If you, dear reader, are one of the parents in question, you may be having inappropriate feelings toward me right now, but let me assure you that until YOU accept that YOU caused the problems in question, YOU won’t be able to solve them. You cannot deny responsibility for a problem and then solve it.
When my wife and I finally, after ten gut-wrenching years, accepted that our first child’s behavior – behavior that caused his third-grade teacher to tell us that he was the most undisciplined child she had seen in twenty years of teaching – was, despite good intentions, our doing, we were able to turn things around. Three months later, the same teacher reported that she had witnessed a “miracle” (her word). He was now a “model student.” And he stayed that way through the rest of his academic career.
Eric is why I do what I do. Eric is how I absolutely know that everything I was taught in graduate school was worthless.
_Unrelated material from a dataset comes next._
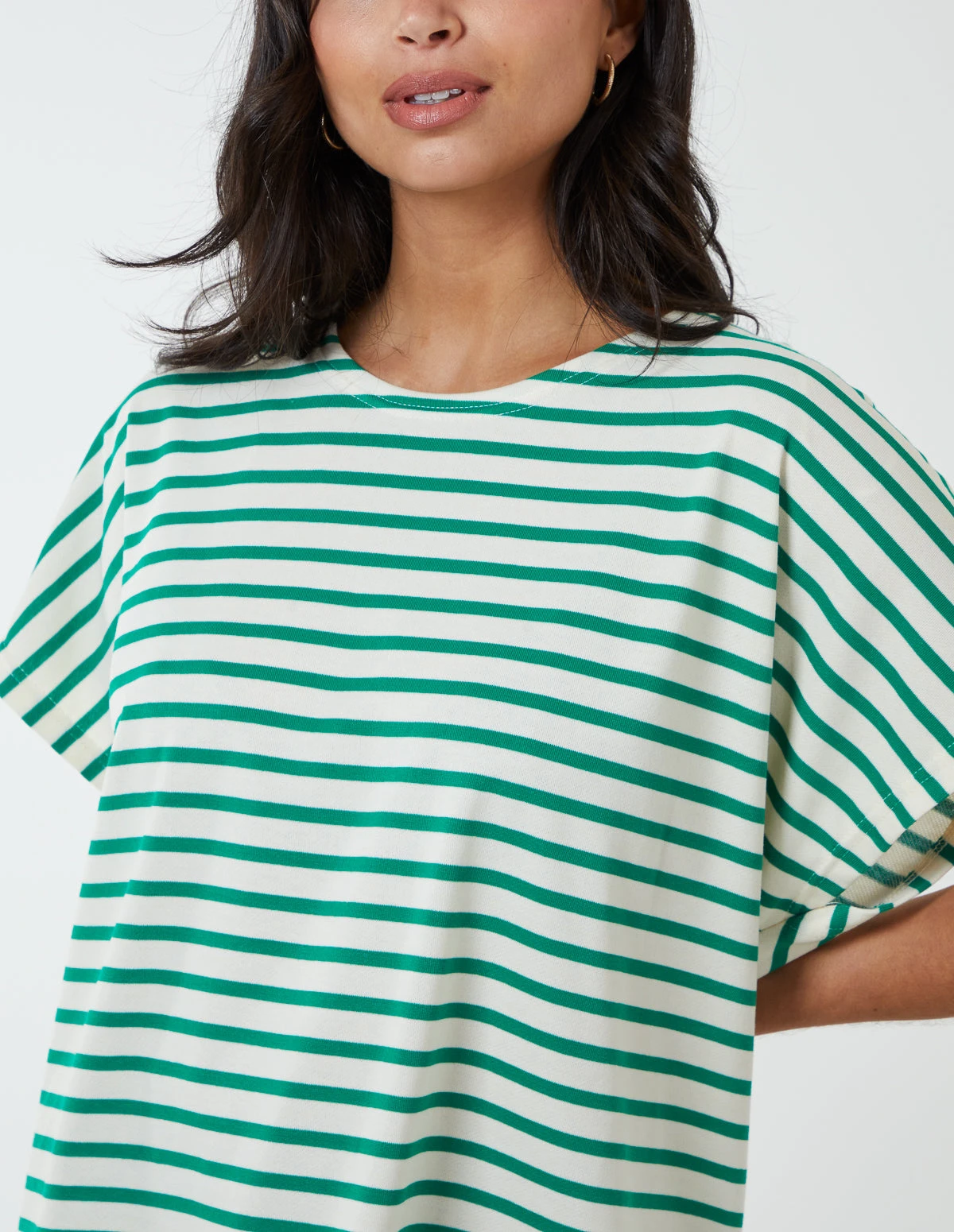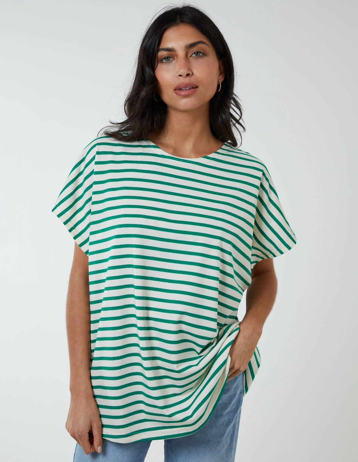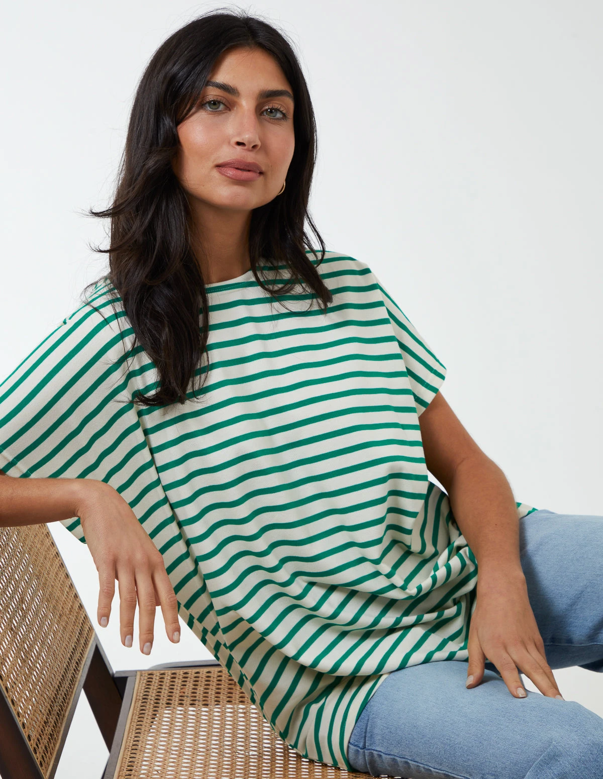 A stylish striped top perfect for those more casual days! This oversized top is a perfect through on and go option!

Eric is the means by which I recovered from that experience and why I am surely the most controversial psychologist in America, knowledge of which gives me great pleasure. I love driving them up a wall, them being my ersatz colleagues. Quite simply, they don’t know what they are doing, which is surely more harm than good.
I tell the story of Eric not to promote myself but to give people hope. Willie and I did not solve the “Eric Problem” because I am a psychologist. We solved it DESPITE my being a psychologist. That means you can solve your Eric Problem too. As the late, great Sam Cooke said, “Ain’t that good news!”